Acidic extraction of Lipid A from LPS produces monophosphoryl Lipid A (MPLA), which displays reduced toxicity while retaining the ability to activate TLR4 [5,6]. The reduced toxicity of MPLA is attributed to the preferential triggering of the IRF pathway upon TLR4 activation, resulting in decreased induction of inflammatory cytokines [7].

References:

1. Kuzmich, NN. et al., 2017. TLR4 Signaling Pathway Modulators as Potential Therapeutics in Inflammation and Sepsis. Vaccines (Basel) 5unol. 165(2):618-22.
2. Steimle, A. et al., 2016. Structure and function: Lipid A modifications in commensals and pathogens.
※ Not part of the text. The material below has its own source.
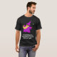 I give wanted to give this a 4 instead of a 5 because these Basic DARK T0shirts run unexpectedly SLIM or Narrow. Which is great if you do not have a potbelly, but I have a paunch. It isn't the shirt's fault that I've got a beer belly. The design and shirt itself is a quality cotton shirt. The color is more of a deep purple, but still a very pretty color. The Basic DARK T-shirts run a bit SLIMMER than the Basic Ts. The neck is a fraction narrower (or seems to be narrower) also. I'm a paunchy middle-aged woman and my neck is 12 inches (31cm) thick and the neckline fell about the same as in the photo of the man, and I had the desire to tug it a bit. So if you're a thick necked man or like loose shirts, be aware these are slimmer shirts. Once I get rid of my lockdown paunch it'll look great. The shirt washed well in cold water with no apparent bleeding. We don't have a dryer, so it hung dry. Did not shrink. Love the colors and the design. The design looks smaller on my shirt than it does on the model on-line. But still, it looks good on the shirt. The printing looks as it does on the model, just the size seems fractionally smaller. Washed garment in cold water, hung dry and design appeared unaffected.

Int J Med Microbiol 306, 290-301.
3. Raetz CR. 1990. Biochemistry of endotoxins. Annu. Rev. Biochem. 59, 129‑70.
4. Cochet, F. & Peri, F. 2017. The role of carbohydrates in the lipopolysaccharide (LPS)/Toll-Like Receptor 4 (TLR4) Signalling. Int J Mol Sci 18.
5. Qureshi N. et al., 1982. Purification and structural determination of nontoxic lipid A obtained from the lipopolysaccharide of Salmonella typhimurium. J. Biol. Chem., 257:11808-15.
6. Romero CD. et al., 2011. The Toll-Like Receptor 4 agonist monophosphoryl Lipid A augments innate host resistance to systemic bacterial infection. Infect Immun. 79: 3576–3587.
7. Mata-Haro V. et al., 2007. The vaccine adjuvant monophosphoryl lipid A as a TRIF-biased agonist of TLR4. Science. 316(5831):1628-32.